The present disclosure relates to a field of video coding technology, and more particularly to a fast view synthesis optimization method for coding of depth map for 3D-high efficiency video coding (HEVC) based on texture flatness.
Three dimensional (3D) video makes people see different scenarios with slight direction differences for their left and right eyes respectively; thus it can provide a viewing experience with depth perception compared to the conventional 2D video. At present, the common 3D video display is stereoscopic display, which provides two views of videos.

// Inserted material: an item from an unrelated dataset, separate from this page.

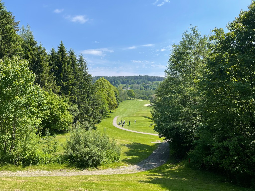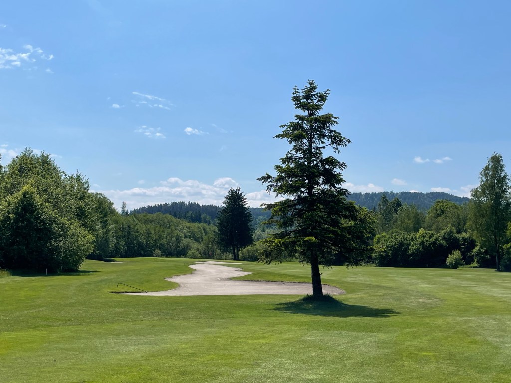 Die 4 ist ein Par 3, das Grün liegt tief unter uns, das liebe ich! Seltsamerweise üben der Zaun und das Gärtchen auf der rechten Seite magische Anziehungskraft aus – mir gelingt der Schlag auf das Grün und jetzt mag ich solche Bahnen gleich noch lieber. Auf der 5 zeigt sich, was für den Platz charakteristisch ist: Die Bahnen fangen meist harmlos an, die Fairways sind breit, das dicke Ende in Form von mehreren um das Grün platzierten Bunkern kommt am Schluss. Hier ist man auch auf jener Stelle des Platzes, die auf Moorgrund angelegt wurde. Trotz guter Platzpflege, meint die Kärntnerin im Flight, ist der Boden nach starken Regenfällen hier und auf der 6 meist sehr tief. Das ist aber heute nicht der Fall, wir hören nur fernes Donnergrollen und hoffen, trocken zu bleiben.

With the development of multimedia technology, multi-view display becomes more and more popular in multimedia information industry due to its 3D visual perception for naked eyes. However, the increase of views will multiply the video data and in turn generate a great burden to the transmission and storage. An effective coding strategy needs to solve these problems. The up-to-date 2D video coding standard is the High Efficiency Video Coding (HEVC) standard and was officially approved in 2013. Meanwhile, 3D video coding standardization has been in progress.
Multi-view plus depth (MVD) format in 3D-HEVC includes two or three texture videos and their corresponding depth maps, as shown in
Conventional video coding methods use rate distortion optimization techniques to make decision for the motion vector and mode selection process by choosing the vector or mode with the least rate distortion cost. The rate distortion cost is calculate by J =D+λ·R, where J is the rate distortion cost, D is the distortion between the original data and the reconstructed data, λ is the Lagrangian multiplier, and R is the number of bits used. D is usually measured by calculating the sum of squared differences (SSD) or the sum of absolute differences (SAD) between the original data and reconstructed data of current video. While depth maps are only used to synthesize virtual views and cannot be seen by the audiences directly, it may not achieve the satisfactory coding results using the conventional video coding method for depth maps. The distortion measure for depth maps need to also consider distortions in the synthesized intermediate views.
In 3D-HEVC, Synthesized View Distortion Change (SVDC) is used as the distortion calculation metric for rate distortion optimization in depth coding. SVDC defines the distortion difference between two synthesized textures, as shown in
The original SVDC method includes warping, interpolating, hole filling and blending to get the synthesized views. Then the encoder compares the two virtual views synthesized by the original depth maps and the encoded depth maps, respectively. Finally, the sum of squared differences of each synthesized pixel will be calculated. The whole process of the SVDC method is shown in
The present disclosure provides a method for fast 3D video coding for HEVC, which utilizes the pixel regularity from flat texture region to set threshold. With the threshold all the flat regions in depth maps can be judged and the view synthesis process of pixels from these flat regions can be skipped to speed up the view synthesis process in rate distortion optimization and reduce the coding complexity.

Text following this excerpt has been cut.